We're all about kicking the day off with a quality breakfast—and planning ahead is the best way to make sure we fit it in. Fall breakfasts should be hearty and nutritious enough to power you through cold mornings and hectic days, while keeping you satisfied until lunchtime.
If you're anything like us, you love starting the day on a sweet note, but this doesn't have to mean you're destined for a midday sugar crash.

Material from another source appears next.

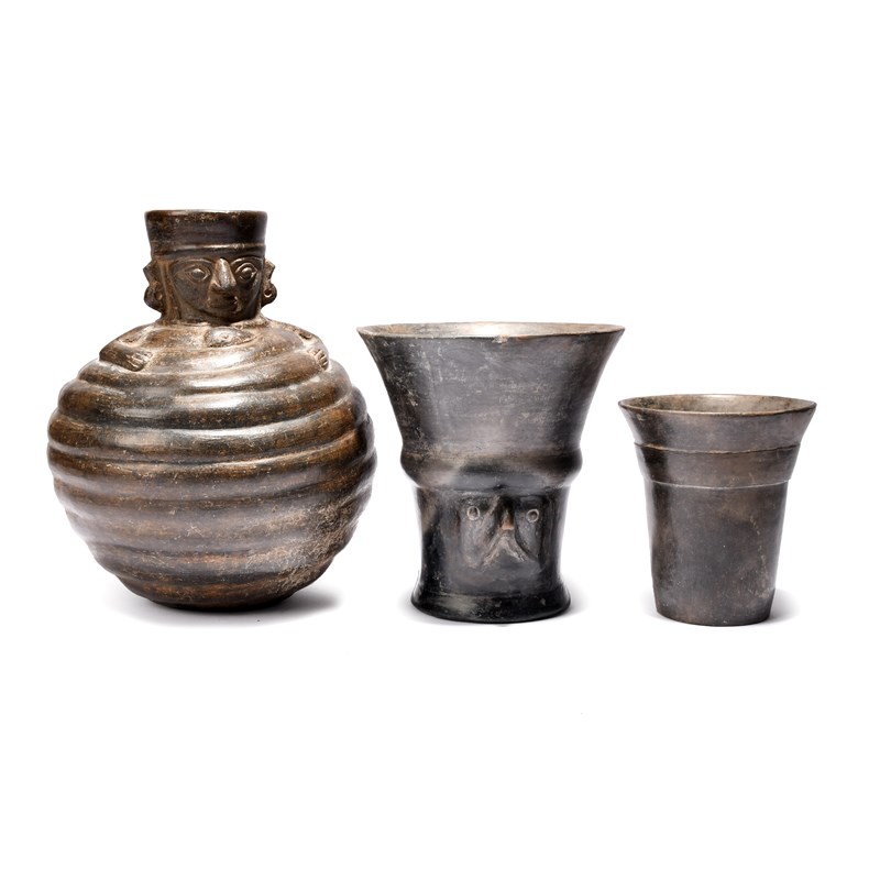 a Bolivia clay kero, 11cm high and another larger with a relief owl mask, 15cm high. (3)
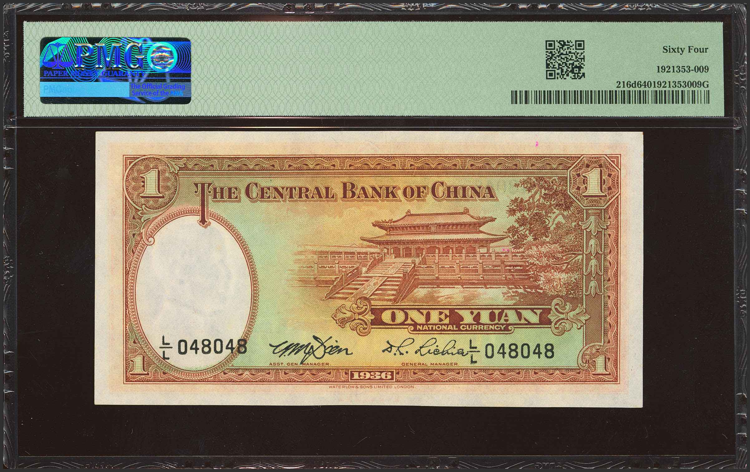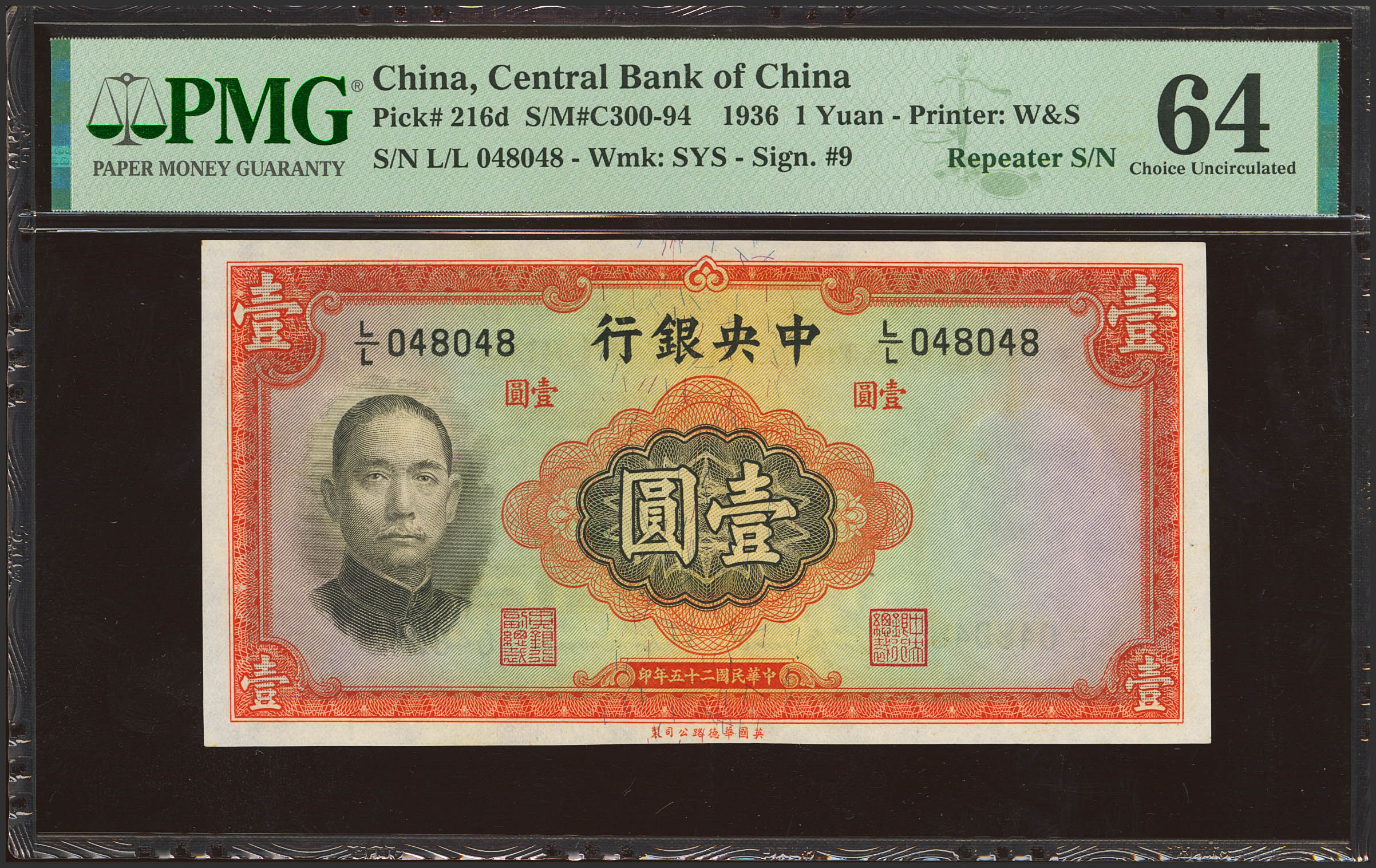 CHINA. 1 Yuan. 1936. Central Bank of China. (Pick: 216d, SM:, C300-94). PMG64.

It's all about being smart and picking natural sugars combined with protein, healthy fats, and carbs to keep your blood sugar balanced.
Here are three make-ahead recipes that prove you can enjoy a breakfast that's on the sweet side while still getting the nutrients you need to fuel your day the right way.
Pear + Pecan Baked Oatmeal
- ½ cup roughly chopped pecans or walnuts, toasted
- 2 chia eggs (2 tablespoons ground chia + 6 tablespoons water)
- 2 cups rolled oats
- 2 teaspoons cinnamon
- ½ teaspoon nutmeg
- 1 teaspoon baking powder
- ½ teaspoon salt
- 2 bananas, roughly chopped
- 1½ cups milk of your choice (I used almond)
- ¼ cup maple syrup or honey
- 3 tablespoons melted coconut oil
- 2 teaspoons vanilla extract
- 2 medium pears, halved lengthwise and sliced very thinly, and divided
- Heat oven to 375°F. Grease an 8-inch-square baking pan with coconut oil.
- In a medium bowl, make chia egg mixture and let stand for 5 minutes.
- In another medium bowl, combine oats, cinnamon, nutmeg, baking powder, and salt.
- In the chia egg bowl, mash the bananas with a fork. Add milk, maple syrup, the rest of the coconut oil, and the vanilla. Mix well to combine.
- Add the dry ingredients to the wet ingredients and stir to combine.
- Place a quarter of the pear slices in a layer along the bottom of the coconut oiled baking pan.
- Pour the oat mixture over the pears in an even layer and sprinkle with the pecans. Arrange the rest of the pear slices on top.
- Bake for 35 to 45 minutes until set.
Pumpkin Pie Green Smoothie Bowl
- ½ cup almond milk
- 1½ to 2 cups frozen spinach
- 1 teaspoon pumpkin spice
- ½ teaspoon pure vanilla extract
- 1 frozen banana, broken into pieces
- ½ cup pumpkin puree
- 1 tablespoon almond butter
To serve (optional)
- Granola (see below for a recipe)
- Hemp seeds
- Toasted pecans or almonds
- Pomegranate arils or berries
- To prep your smoothie bowl the night before, place spinach and banana in a bag or a jar and put in the freezer. In another jar combine almond milk, pumpkin puree, pumpkin spice, vanilla, and almond butter and place in the fridge.
- In the morning, place your fridge jar in the blender first, followed by the freezer jar, and blend until smooth, scraping down the sides once or twice to make sure everything is incorporated.
- Serve in a bowl with desired toppings.
Chunky Peanut Butter Granola With Yogurt
- 2½ cups rolled oats
- 1½ cups seeds or nuts (I used a mix of pepitas and flaked almonds)
- ½ cup almond flour
- ¼ cup ground flaxseeds
- 2 teaspoons cinnamon
- 1 teaspoon salt
- ½ cup coconut oil
- ⅓ cup maple syrup or honey
- ⅓ cup peanut butter
- 1 teaspoon vanilla
- Your favorite yogurt (look for ones made with simple ingredients and less sugar)
- Heat oven to 325°F and line a large baking tray with parchment paper. In a large bowl, combine oats, nuts and seeds, almond flour, flaxseeds, cinnamon, and salt, and toss to combine.
- In a small saucepan, combine coconut oil, maple syrup or honey, and peanut butter, and heat over a low heat for about 5 minutes, until everything is warmed and melted. Add vanilla and stir with a whisk or a fork to combine.
- Add wet ingredients to dry and stir together with a rubber spatula until the oats are evenly coated. Spread out on the parchment-lined baking tray
- Bake for 20 minutes, rotate the tray 180 degrees, and bake for another 20 to 25 minutes (40 to 45 minutes total). Remove from the oven and allow to cool completely on the tray.
- Once cool, you should have a crunchy sheet of granola; break it apart into chunks and store in a large jar or Tupperware for up to two weeks.